Available data:
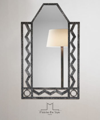 Inspired from the 1930s geometric patterns, the “Chevron” mirror will definitely be the Art Deco piece of your interior space. It is a “tour de force” of textures and assemblies. Here, shaped into a set of triangles and parallels, looking like a suspended diamond. Hot hammered wrought iron, the two textures are converging to create this majestic mirror. Like all our products, the Chevron mirror is manufactured in our Mobilier De Style ® workshop. Here presented with finish 1 "Brushed wrought iron". Each mirror is coming with a wall mounting system.
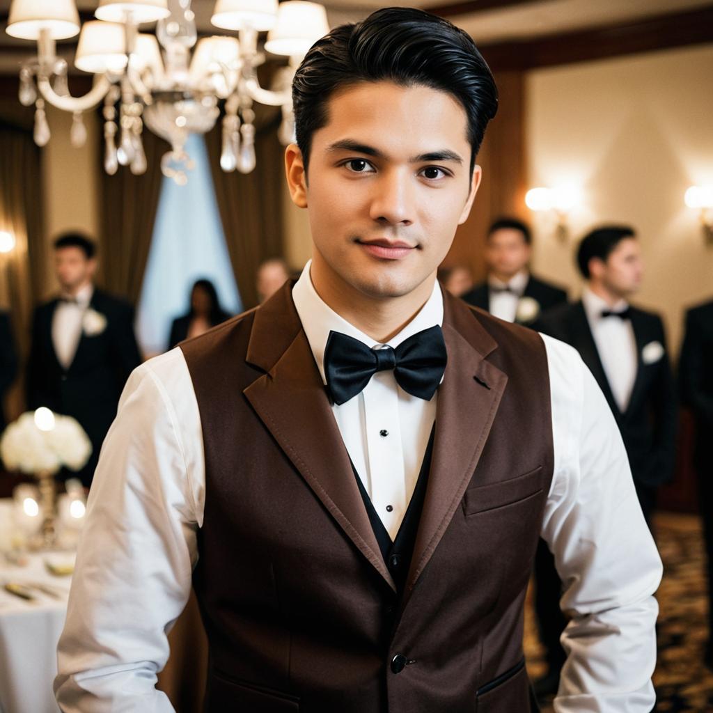 Groom costume reception,male focus, 1boy, bow, bowtie, black hair, looking at viewer, jacket, realistic, blurry, shirt, pants, chandelier, blurry background, formal, white shirt, vest, suit, brown jacket, solo, indoors, brown eyes
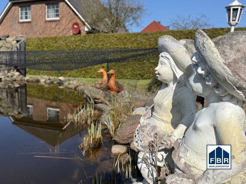 Der Außenbereich der Immobilie kann ebenso mit Highlights aufwarten: So ist ein Teich, ein in den Boden gelassenes kleines Schwimmbassin sowie eine besonders gestaltete Grillterrasse entstanden. Darüber hinaus befinden sich im hinteren Teil des Grundstückes eine attraktive Ziermauer, welche den Nutzgarten mit Gewächshaus und eine Gartendusche beherbergt.

Instructions for the task:
Word for word, quote the full listing, omitting every picture.

Reply to the task:
 Inspired from the 1930s geometric patterns, the “Chevron” mirror will definitely be the Art Deco piece of your interior space. It is a “tour de force” of textures and assemblies. Here, shaped into a set of triangles and parallels, looking like a suspended diamond. Hot hammered wrought iron, the two textures are converging to create this majestic mirror. Like all our products, the Chevron mirror is manufactured in our Mobilier De Style ® workshop. Here presented with finish 1 "Brushed wrought iron". Each mirror is coming with a wall mounting system.
 Groom costume reception,male focus, 1boy, bow, bowtie, black hair, looking at viewer, jacket, realistic, blurry, shirt, pants, chandelier, blurry background, formal, white shirt, vest, suit, brown jacket, solo, indoors, brown eyes
 Der Außenbereich der Immobilie kann ebenso mit Highlights aufwarten: So ist ein Teich, ein in den Boden gelassenes kleines Schwimmbassin sowie eine besonders gestaltete Grillterrasse entstanden. Darüber hinaus befinden sich im hinteren Teil des Grundstückes eine attraktive Ziermauer, welche den Nutzgarten mit Gewächshaus und eine Gartendusche beherbergt.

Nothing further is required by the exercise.